A cylindrical air capacitor of length 15.0 m stores 3.20 × 10^-9J of energy when the potential difference between the two conductors is 4.00 V. (a) Calculate the magnitude of the charge on each conductor. (b) Calculate the ratio of the radii of the inner and outer conductors.

The given data can be listed below

• The cylinder with length is,$L=15.0\text{m}$.
• The energy stores are,$U=3.20x{10}^{-9}\text{J.}$
• The potential difference of the capacitor is,$V_{ab}=4.00\text{V.}$

Now, we know that the potential energy stored in a charged capacitor is equal to the amount of work done to charge itself.

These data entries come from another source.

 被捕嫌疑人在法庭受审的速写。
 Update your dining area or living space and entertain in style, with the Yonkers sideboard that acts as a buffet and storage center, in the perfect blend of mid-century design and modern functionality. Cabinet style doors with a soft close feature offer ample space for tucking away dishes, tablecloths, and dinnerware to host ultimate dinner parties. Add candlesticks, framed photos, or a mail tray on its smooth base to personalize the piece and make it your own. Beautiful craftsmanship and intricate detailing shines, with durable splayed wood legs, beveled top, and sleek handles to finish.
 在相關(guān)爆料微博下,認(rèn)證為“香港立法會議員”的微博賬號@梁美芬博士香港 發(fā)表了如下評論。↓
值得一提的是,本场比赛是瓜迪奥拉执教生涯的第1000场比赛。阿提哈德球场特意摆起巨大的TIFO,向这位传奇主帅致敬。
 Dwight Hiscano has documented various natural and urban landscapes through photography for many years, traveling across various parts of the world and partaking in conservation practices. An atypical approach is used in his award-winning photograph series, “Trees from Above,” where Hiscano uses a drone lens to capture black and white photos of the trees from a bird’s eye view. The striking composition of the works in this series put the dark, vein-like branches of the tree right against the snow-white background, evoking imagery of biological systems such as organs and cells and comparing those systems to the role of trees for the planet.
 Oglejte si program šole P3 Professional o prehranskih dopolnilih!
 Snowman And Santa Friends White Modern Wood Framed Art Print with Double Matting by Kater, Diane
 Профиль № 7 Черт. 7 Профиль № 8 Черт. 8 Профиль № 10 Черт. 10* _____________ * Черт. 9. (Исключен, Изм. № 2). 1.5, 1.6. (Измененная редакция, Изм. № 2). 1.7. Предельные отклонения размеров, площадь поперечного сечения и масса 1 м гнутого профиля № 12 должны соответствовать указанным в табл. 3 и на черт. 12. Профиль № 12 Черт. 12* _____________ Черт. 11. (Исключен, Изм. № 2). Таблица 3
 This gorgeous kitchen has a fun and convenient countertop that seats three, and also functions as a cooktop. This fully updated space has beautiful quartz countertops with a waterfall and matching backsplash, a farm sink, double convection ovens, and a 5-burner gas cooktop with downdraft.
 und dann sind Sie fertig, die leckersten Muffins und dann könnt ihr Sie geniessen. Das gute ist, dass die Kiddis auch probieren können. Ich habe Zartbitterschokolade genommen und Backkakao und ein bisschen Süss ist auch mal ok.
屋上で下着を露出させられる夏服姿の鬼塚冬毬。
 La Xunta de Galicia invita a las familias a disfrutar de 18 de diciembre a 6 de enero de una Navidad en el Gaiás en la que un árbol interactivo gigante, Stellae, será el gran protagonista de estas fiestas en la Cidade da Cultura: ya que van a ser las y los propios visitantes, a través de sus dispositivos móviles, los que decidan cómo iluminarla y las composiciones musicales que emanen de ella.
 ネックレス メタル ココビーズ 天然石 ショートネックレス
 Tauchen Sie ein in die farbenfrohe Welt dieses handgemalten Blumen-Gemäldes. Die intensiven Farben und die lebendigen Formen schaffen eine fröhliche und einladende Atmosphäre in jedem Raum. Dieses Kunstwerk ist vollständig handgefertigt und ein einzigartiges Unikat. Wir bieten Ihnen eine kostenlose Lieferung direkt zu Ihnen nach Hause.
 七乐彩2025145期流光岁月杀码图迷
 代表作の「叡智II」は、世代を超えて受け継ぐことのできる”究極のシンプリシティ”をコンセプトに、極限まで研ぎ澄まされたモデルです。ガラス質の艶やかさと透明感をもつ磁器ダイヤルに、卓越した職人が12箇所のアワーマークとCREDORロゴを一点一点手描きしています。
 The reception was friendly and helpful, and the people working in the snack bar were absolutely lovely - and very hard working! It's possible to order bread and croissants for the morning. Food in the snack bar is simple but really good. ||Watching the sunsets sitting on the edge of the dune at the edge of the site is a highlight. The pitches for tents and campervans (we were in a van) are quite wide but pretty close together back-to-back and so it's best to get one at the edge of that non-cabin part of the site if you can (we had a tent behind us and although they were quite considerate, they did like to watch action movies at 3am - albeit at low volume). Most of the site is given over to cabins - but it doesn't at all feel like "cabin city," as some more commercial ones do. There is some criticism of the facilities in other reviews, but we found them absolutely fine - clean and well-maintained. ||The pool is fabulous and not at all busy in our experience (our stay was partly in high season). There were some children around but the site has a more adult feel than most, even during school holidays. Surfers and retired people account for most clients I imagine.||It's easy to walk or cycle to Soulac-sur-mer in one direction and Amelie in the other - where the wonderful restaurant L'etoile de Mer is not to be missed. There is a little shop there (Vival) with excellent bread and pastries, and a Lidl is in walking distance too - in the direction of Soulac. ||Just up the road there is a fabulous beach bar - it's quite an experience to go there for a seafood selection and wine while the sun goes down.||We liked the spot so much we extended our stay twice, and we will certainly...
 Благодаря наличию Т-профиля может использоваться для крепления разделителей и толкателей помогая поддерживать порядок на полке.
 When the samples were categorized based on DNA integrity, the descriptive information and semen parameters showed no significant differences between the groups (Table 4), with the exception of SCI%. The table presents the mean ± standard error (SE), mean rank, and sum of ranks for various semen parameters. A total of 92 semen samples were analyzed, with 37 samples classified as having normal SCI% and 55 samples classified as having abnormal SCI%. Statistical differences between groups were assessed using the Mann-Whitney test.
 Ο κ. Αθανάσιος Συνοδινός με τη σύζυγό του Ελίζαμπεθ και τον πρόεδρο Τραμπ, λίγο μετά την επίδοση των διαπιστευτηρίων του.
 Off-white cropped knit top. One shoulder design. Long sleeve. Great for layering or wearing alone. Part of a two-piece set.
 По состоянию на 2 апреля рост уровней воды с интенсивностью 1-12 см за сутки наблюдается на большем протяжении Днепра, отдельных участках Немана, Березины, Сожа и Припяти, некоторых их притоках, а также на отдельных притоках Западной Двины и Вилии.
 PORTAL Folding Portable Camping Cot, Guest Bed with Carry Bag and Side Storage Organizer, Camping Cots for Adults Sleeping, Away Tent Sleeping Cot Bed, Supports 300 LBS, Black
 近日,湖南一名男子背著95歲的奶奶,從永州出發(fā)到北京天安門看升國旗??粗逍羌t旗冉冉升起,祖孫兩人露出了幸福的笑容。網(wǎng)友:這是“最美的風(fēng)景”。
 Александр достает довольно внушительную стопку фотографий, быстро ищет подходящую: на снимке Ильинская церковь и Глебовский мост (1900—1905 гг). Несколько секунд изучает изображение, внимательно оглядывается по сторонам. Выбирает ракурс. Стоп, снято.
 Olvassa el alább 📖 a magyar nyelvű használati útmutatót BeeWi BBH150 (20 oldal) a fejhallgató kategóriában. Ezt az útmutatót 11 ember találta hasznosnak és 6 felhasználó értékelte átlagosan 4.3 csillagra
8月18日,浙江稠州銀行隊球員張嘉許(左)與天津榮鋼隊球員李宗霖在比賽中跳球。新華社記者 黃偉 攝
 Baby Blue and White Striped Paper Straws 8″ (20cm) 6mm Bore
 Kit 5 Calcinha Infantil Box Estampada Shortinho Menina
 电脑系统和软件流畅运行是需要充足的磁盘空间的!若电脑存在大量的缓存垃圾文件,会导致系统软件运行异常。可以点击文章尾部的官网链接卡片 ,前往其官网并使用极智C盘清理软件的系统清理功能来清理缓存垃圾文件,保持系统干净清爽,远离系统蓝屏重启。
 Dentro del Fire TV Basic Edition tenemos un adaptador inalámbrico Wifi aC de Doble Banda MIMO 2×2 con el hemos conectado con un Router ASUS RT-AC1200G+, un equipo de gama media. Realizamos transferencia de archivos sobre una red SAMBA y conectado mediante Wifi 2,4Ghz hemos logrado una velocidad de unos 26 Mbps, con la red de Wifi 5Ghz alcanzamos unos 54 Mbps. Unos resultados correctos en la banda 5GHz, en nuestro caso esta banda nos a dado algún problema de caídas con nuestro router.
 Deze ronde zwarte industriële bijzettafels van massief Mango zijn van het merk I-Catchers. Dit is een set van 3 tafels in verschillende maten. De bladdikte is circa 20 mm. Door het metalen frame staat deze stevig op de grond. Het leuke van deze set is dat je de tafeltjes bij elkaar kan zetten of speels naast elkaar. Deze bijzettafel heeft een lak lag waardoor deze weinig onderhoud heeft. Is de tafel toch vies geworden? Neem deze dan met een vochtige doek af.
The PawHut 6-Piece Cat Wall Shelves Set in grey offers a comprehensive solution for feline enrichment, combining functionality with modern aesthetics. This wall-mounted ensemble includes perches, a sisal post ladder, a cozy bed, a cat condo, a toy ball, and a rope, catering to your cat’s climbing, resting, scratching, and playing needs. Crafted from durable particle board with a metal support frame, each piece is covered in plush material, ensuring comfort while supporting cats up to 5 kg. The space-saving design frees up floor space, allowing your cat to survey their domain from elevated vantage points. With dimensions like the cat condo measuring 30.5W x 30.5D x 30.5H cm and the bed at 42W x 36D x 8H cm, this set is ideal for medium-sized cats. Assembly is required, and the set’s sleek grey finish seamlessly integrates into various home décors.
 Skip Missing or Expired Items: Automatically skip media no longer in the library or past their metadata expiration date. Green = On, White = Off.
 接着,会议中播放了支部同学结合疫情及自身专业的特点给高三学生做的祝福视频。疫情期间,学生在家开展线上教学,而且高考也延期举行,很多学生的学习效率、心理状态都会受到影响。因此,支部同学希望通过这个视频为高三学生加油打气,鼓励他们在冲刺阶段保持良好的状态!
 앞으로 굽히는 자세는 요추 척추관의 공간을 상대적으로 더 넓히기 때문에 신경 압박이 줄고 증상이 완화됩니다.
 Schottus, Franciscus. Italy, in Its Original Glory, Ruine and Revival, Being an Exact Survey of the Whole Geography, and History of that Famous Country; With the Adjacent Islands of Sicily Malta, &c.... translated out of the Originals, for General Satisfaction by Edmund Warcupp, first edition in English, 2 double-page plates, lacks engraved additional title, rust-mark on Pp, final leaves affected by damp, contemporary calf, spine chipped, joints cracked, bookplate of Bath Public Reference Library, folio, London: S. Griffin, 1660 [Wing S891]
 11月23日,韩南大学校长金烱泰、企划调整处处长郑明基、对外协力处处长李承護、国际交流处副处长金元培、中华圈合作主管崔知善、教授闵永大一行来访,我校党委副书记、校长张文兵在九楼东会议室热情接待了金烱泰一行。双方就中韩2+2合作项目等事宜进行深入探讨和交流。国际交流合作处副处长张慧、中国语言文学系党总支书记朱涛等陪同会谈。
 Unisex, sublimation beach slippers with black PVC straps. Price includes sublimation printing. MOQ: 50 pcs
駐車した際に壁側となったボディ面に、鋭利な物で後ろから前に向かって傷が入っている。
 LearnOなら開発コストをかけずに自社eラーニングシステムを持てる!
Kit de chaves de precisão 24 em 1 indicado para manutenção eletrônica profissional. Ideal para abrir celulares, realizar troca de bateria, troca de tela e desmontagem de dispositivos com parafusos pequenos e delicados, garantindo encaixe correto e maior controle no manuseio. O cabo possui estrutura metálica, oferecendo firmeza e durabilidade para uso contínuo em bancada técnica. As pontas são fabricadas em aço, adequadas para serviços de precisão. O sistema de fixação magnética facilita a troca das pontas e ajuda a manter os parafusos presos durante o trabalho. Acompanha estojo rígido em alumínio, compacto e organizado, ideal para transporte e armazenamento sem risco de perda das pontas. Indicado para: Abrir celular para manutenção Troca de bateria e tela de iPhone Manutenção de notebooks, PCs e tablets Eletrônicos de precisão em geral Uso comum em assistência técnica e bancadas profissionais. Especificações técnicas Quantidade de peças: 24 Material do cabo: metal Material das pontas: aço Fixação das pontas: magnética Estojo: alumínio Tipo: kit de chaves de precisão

Now to separate opposite charges and place them on different conductorsis given by the following equation:

$$\begin{gathered} \mathbf{U}\mathbf{=}\frac{\mathbf{1}}{\mathbf{2}}{\mathbf{QV}}_{\mathbf{ab}} \\ \mathbf{Q}\mathbf{=}\frac{\mathbf{2}\mathbf{U}}{{\mathbf{V}}_{\mathbf{ab}}} \end{gathered}$$

Now from the above equation we can calculated the charge on the plate

$Q=\frac{2U}{V_{ab}}$

Substitute the $3.2\times {10}^{-9}\text{J}$for U, and 4 V for V_ab in the above equation.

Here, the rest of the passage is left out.